So it’s not a coming out story per se, but rather thoughts on coming out, and an oblique tale of one Baptist preacher’s kid’s journey to today.
For those on the journey: find a nurturer. Live in the muddle, and know that it gets better. If things are truly rough and dark thoughts are clouding your mind, look to The Trevor Project.
We are ALL on the journey, and we need to hold each other close. I have enriched my own circle of love and happiness over the last year as new acquaintances have come into my life. Some of these folks are fast becoming friends.
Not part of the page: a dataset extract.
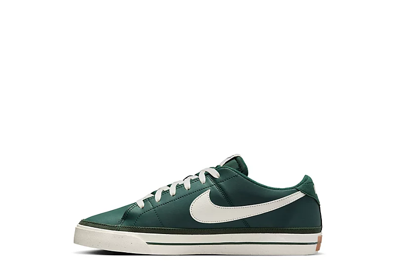Streetwise, but classic the Nike Court Legacy Low men’s sneaker upholds tennis history with modern style. With a leather upper and canvas trim around the midsole for flair, this lace-up sneaker also features intricate needlework to enhance its sleek construction. The herringbone pattern on the rubber outsole ensures great traction on the court or off.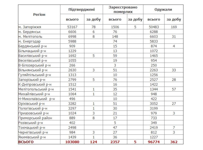 Статистика заболеваемости коронавирус в городах и районах Запорожской области:

As I get older, I am understanding more of how my lonely years have led to longing for more connection now.
The HRC website provides these words about National Coming Out Day:
Today we mark the 31st anniversary of National Coming Out Day!
Thirty-one years ago, on the anniversary of the National March on Washington for Lesbian and Gay Rights, we first observed National Coming Out Day as a reminder that one of our most basic tools is the power of coming out. One out of every two Americans has someone close to them who is gay or lesbian. For transgender people, that number is only one in 10.
Coming out – whether it is as lesbian, gay, bisexual, transgender or queer – STILL MATTERS. When people know someone who is LGBTQ, they are far more likely to support equality under the law. Beyond that, our stories can be powerful to each other.
I hope that this bit of my own story can be helpful to someone this day.